Because the FDA has not yet acted on the IOM report, Walmart—like other retailers—is jumping the gun in doing its own thing.  Its thing, however, is a substantial improvement over the Facts Up Front scheme put in place by the Grocery Manufacturers Association and Food Marketing Institute.

In general, strict nutrition criteria for salt, sugar, and saturated fat exclude most supermarket products.

Walmart’s criteria are pretty strict.  They exclude 80% of Great Value products.

In the cereal category, for example, only these Great Value items qualify:

  • Extra Raisin Bran Cereal
  • Raisin Bran
  • Bran Flakes
  • Crunchy Oat Squares
  • Frosted Shredded Wheat
  • Crunchy Nugget Cereal
  • Toasted Wholegrain Oat Cereal

But these Great Value cereals do not:

  • Cocoa Cool Cereal
  • Cinnamon Crunchy Oat Squares Cereal
  • Apple Blasts Cereal
  • Sugar Frosted Flakes Cereal
  • Toasted Corn Cereal
  • Crisp Rice Cereal
  • Fruit Spins Cereal
  • Fruity Puffs Cereal
  • Crunchy Honey Oats Cereal
  • Vanilla Almond Awake Cereal

OK, but I wish the company had waited for the FDA to decide on a plan for FOP labeling (and I wish the FDA would get busy on that plan).

All of these schemes are ways to avoid putting negative information on package labels.  No seller or retailer wants a red traffic light—“don’t buy me”—on its products, especially because research shows that stop signals work.  Customers tend not to buy products marked with red traffic lights.

The IOM report concluded that negatives (“don’t buy”) worked better than positives (“buy me”) in guiding consumer choice.   A more recent study confirms that finding.

Companies much prefer green-light systems like the one Walmart is doing.

The Walmart press release explains:

Walmart moms are telling us they want to make healthier choices for their families, but need help deciphering all the claims and information already displayed on products…Our ‘Great For You’ icon provides customers with an easy way to quickly identify healthier food choices…this simple tool encourages families to have a healthier diet.

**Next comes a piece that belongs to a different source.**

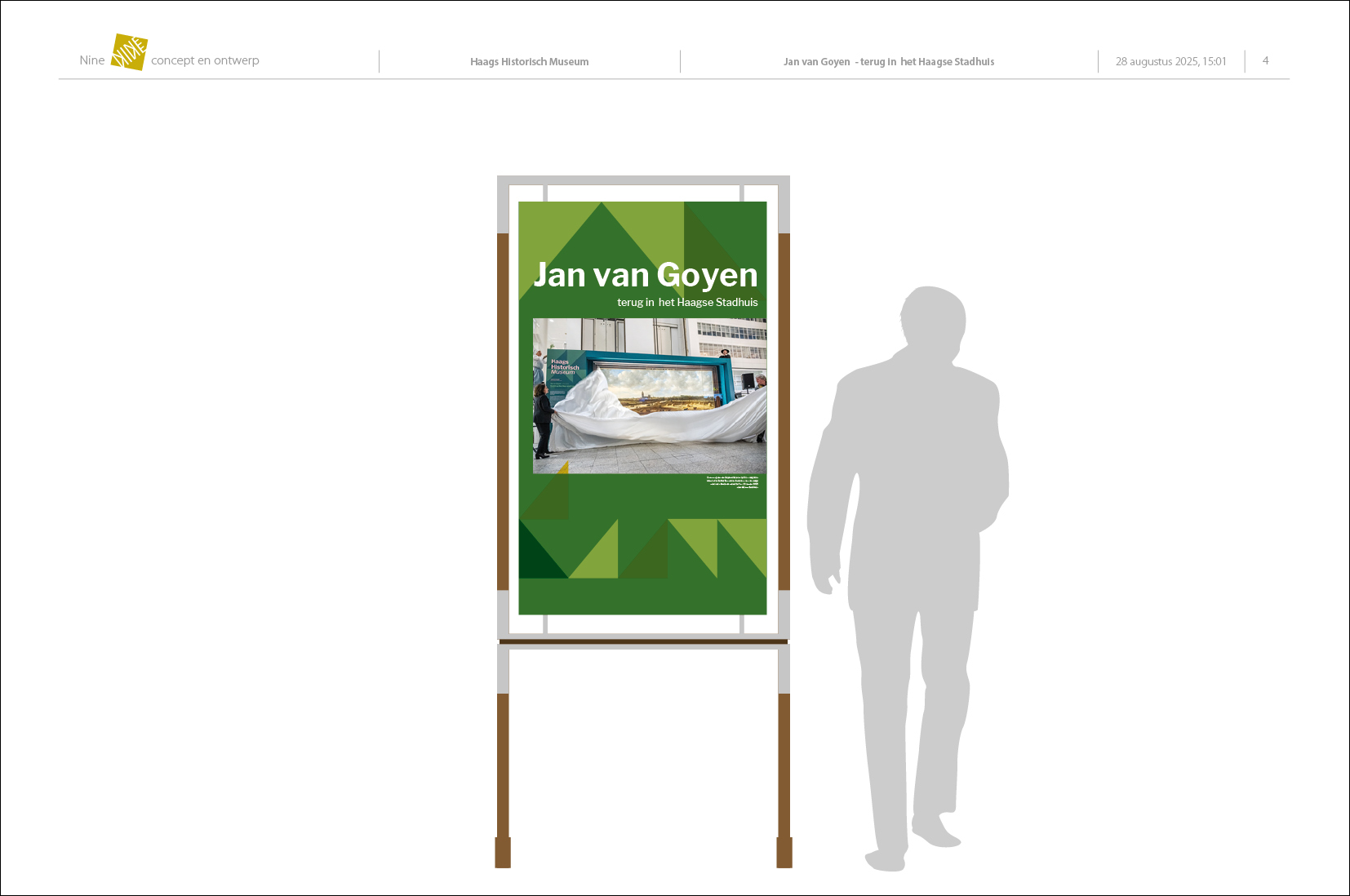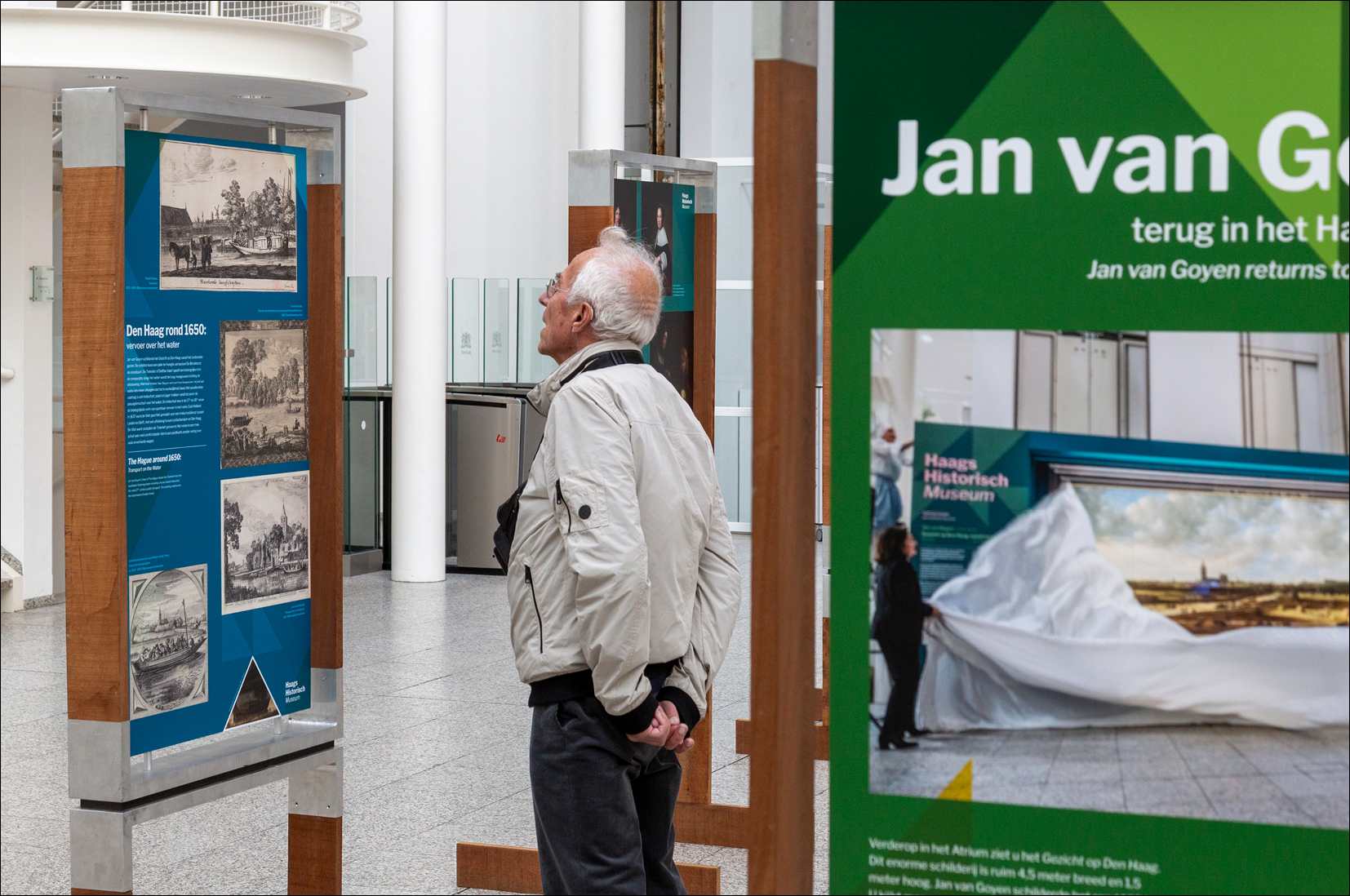 De presentatie brengt dit stadsgezicht opnieuw tot leven, midden in de hedendaagse stad. Het ontwerp, vormgegeven binnen de huisstijl van het museum, leidt bezoekers stap voor stap naar het schilderij verderop in de ruimte en geeft context aan het werk en aan Van Goyens blik op Den Haag.

But does it?  Will Walmart customers buy more of the items marked with the logo instead of the other kinds?  The company says it is doing the research.  Will customers who buy products with the logo be healthier as a result?

I can’t wait to find out.

Addition, February 8: Here’s the way the New York Times dealt with this (I’m quoted).

Mar 28 2011

Liberals: Walmart wants YOU!

Walmart is not satisfied with being the biggest food retailer in the world.  It wants more.  It has saturated national suburban areas, says the New York Times, and is now lobbying hard to get into New York City—that bastion of liberal thinking: 

Wal-Mart is pursuing that goal with the intensity, sophistication and checkbook of a full-fledged political campaign, hiring star political consultants, including Mayor Michael R. Bloomberg’s former campaign manager, producing expensive television and print advertisements and conducting polls.

And it is doing it with the kind of in-your-face aggressiveness that would make a New Yorker proud.

A glossy brochure it mailed to thousands of city residents appeals to their sense of autonomy, declaring: “You don’t ask the special interests or the political insiders for permission to watch TV. So why should they decide where you’re allowed to shop?”

A spokesperson for Walmart explained that after exhausting all other customer segments:

Now we only have one segment left…People who self-identify themselves as liberals.

In New York, an indisputably Democratic city, Wal-Mart faces a big challenge, both from lawmakers…and from unions, who accuse the retailer of endangering small businesses and mistreating its workers.

Wal-Mart has responded with an all-out push meant to overwhelm and outmaneuver its far less deep-pocketed opposition. It has put out a flurry of television, radio and newspaper advertisements, including one radio spot that accuses opponents of not caring “about how many jobs Wal-Mart would create or how badly people need them.”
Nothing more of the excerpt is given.